A publicação de percursos de GPS e detalhes de treinos em aplicações ou redes sociais fornece informações preciosas que podem ser exploradas para perseguição física ou esquemas complexos de engenharia social, como o envio de mensagens falsas a contactos de confiança alegando emergências financeiras durante o período em que o utilizador está a treinar.

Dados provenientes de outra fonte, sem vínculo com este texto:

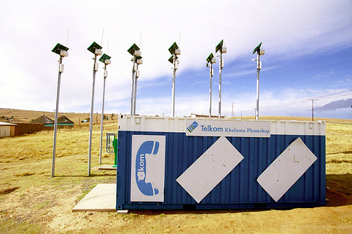 Solar panels and telephones in Qunu in the Eastern Cape. South Africa. Creative Commons photo: Trevor Samson / World Bank.
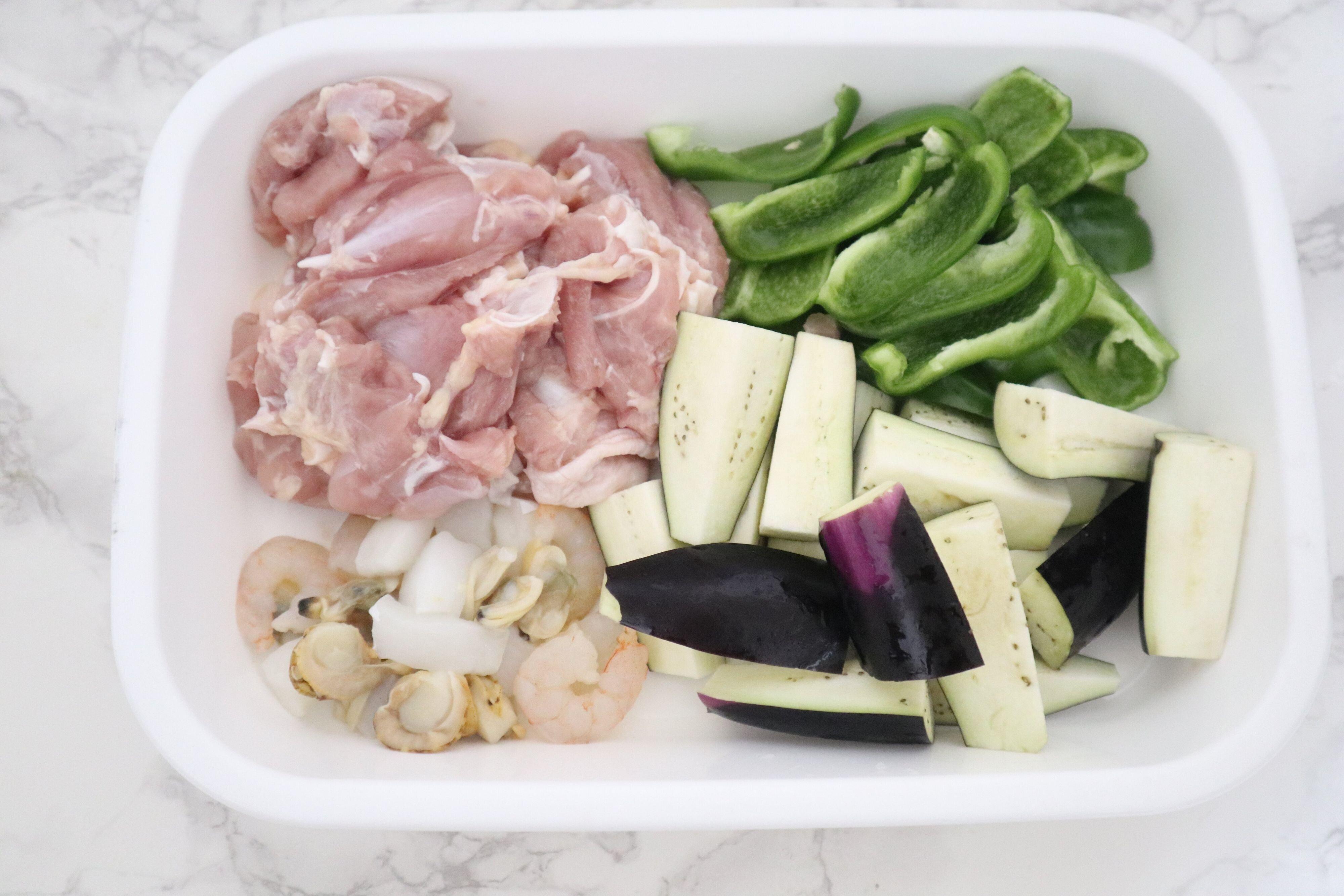 鶏もも肉、ナス、ピーマンは一口大に切る。

Um dos perigos mais acentuados reside na escolha de equipamentos de marcas menos conhecidas ou de baixo custo, que muitas vezes operam com pouca supervisão regulatória. Estas empresas podem rentabilizar os dados recolhidos através da venda deliberada de padrões de saúde e geolocalização a anunciantes ou seguradoras, o que em certos mercados pode até influenciar o custo das apólices de saúde. Por outro lado, a falta de investimento em segurança nestes dispositivos resulta frequentemente em encriptação insuficiente na cloud e servidores mal protegidos, facilitando o acesso de atacantes a volumes massivos de dados sensíveis, como frequência cardíaca, ciclos de sono e peso.
Para mitigar estes riscos, a Kaspersky recomenda que os utilizadores deem prioridade à segurança em detrimento da poupança imediata, optando por marcas estabelecidas com políticas de privacidade transparentes. É fundamental analisar as definições das aplicações de fitness para garantir que os registos de treino permanecem privados e evitar a instalação de múltiplas ferramentas que multiplicam as hipóteses de fuga de dados. Além disso, o download de apps deve ser feito exclusivamente em lojas oficiais e os utilizadores devem manter software de segurança atualizado nos seus smartphones para bloquear atividades maliciosas em tempo real, garantindo que a busca por uma vida mais saudável não compromete a integridade dos seus dados pessoais.